The package integrates ANOVA-based point estimation, confidence intervals, and hypothesis testing for ICC, unifying otherwise scattered functionalities into a coherent interface that enforces consistent design specifications. It provides users with decision framework prompts, clear warnings for use-with-caution ICC forms, and standardized output formats. Sample size estimation supports dual planning modes (lower bound assurance and CI half-width) along with inverse assurance (power) calculation. Evaluation includes automated reliability category assignment with notifications when interval uncertainty spans key thresholds. ICCDesign thereby enhances analytical rigor, usability, and reduces error risk in ICC reliability study workflows.

Key findings

ICCDesign implements all ten ICC forms from McGraw and Wong (1996), including six standard forms and four additional use-with-caution combinations.
The package includes a four-step decision framework to guide users toward the appropriate ICC form based on study design parameters.
It provides ANOVA-based F-distribution confidence intervals and one-tailed hypothesis tests both for zero-ICC null and user-specified ICC threshold alternatives (rho0).
Sample size planning is based on Zou (2012) closed-form formulas with two modes: lower bound assurance requiring P(LowerCI≥rho0)≥gamma and CI half-width assurance, plus inverse assurance calculation.
Automated reliability grading follows Koo and Li (2016) criteria applied to the ICC confidence interval lower bound, with uncertainty notifications when the 0.75 threshold is spanned.
The package offers an interactive Shiny web app that supports data input, ICC analysis, sample size planning, and report download without coding.
Comparison to existing R packages shows ICCDesign uniquely combines full ICC type coverage, decision guidance, sample size calculation, reliability grading, preprocessing utilities, and a consistent interface.
In examples with a simulated 5-subject × 4-rater dataset showing ICC ~0.8, the package correctly classifies "Good" reliability and produces expected results for multiple ICC types.

Methodology — deep read

ICCDesign assumes a standard reliability study setting where continuous responses are collected as one measurement per subject-rater cell within a balanced design. The threat model aligns with typical measurement reliability studies, without adversarial considerations.

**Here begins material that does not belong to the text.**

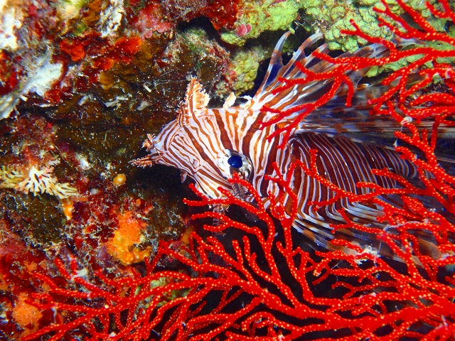 ロクセンスズメダイなどが、真っ赤なイソバナの近くで

Data input is a wide-format numeric matrix or dataframe with subjects as rows and raters as columns. The dedicated icc_preprocess_data() function validates data structure, ensures numeric entries, removes rows with missing values by default, and returns statistics including valid subject and rater counts.

ICC estimation follows the ANOVA variance components framework of McGraw and Wong (1996). Three models are supported: one-way random effects (ICC(1,x)) for unmatched raters; two-way random effects (ICC(2,x)) when raters are randomly sampled and common across subjects; and two-way mixed effects (ICC(3,x)) when raters are fixed and common. ICCDesign exposes ten ICC form combinations distinguished by model, unit of measurement (single vs average rating), and consistency type (absolute agreement vs consistency). It includes use-with-caution ICC combinations that differ in interpretative scope and warns users accordingly.

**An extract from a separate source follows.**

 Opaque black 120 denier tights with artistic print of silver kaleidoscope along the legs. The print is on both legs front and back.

Point estimates use mean square values from ANOVA decompositions according to closed-form formulas for each ICC type (see Section 2.3). Confidence intervals are computed via F-distribution based methods: Type 1 intervals for most forms using direct F ratios and degrees of freedom based on the variance components, and Type 2 intervals using a Satterthwaite approximation for two-way absolute agreement forms. ICCDesign also supports one-tailed F-tests for null ICC=0 and optional threshold testing H0: ICC=rho0. P-values and F statistics are reported.

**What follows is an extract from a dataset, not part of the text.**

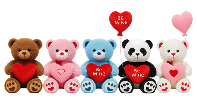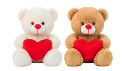 Valentine teddy bears holding hearts, soft toys, love symbols, cute gifts, couple, plush, transparent background

Sample size planning employs Zou (2012) closed-form formulas supporting two planning modes: (1) assurance that the lower bound of the ICC confidence interval exceeds a threshold rho0 with probability at least gamma; (2) assurance that the confidence interval half-width does not exceed a specified value omega with probability gamma. An inverse assurance calculation estimates achievable assurance given a fixed sample size.

ICCDesign's icc_calc() wraps data preprocessing, parameter validation (the four-step decision tree based on same raters, rater effect, rating unit, and agreement type), ICC computation, hypothesis testing, reliability evaluation (including Koo and Li grading and uncertainty messaging), and report generation. Verbose mode produces user alerts for special ICC cases. The interactive Shiny app runs this workflow with GUI controls and visualizations.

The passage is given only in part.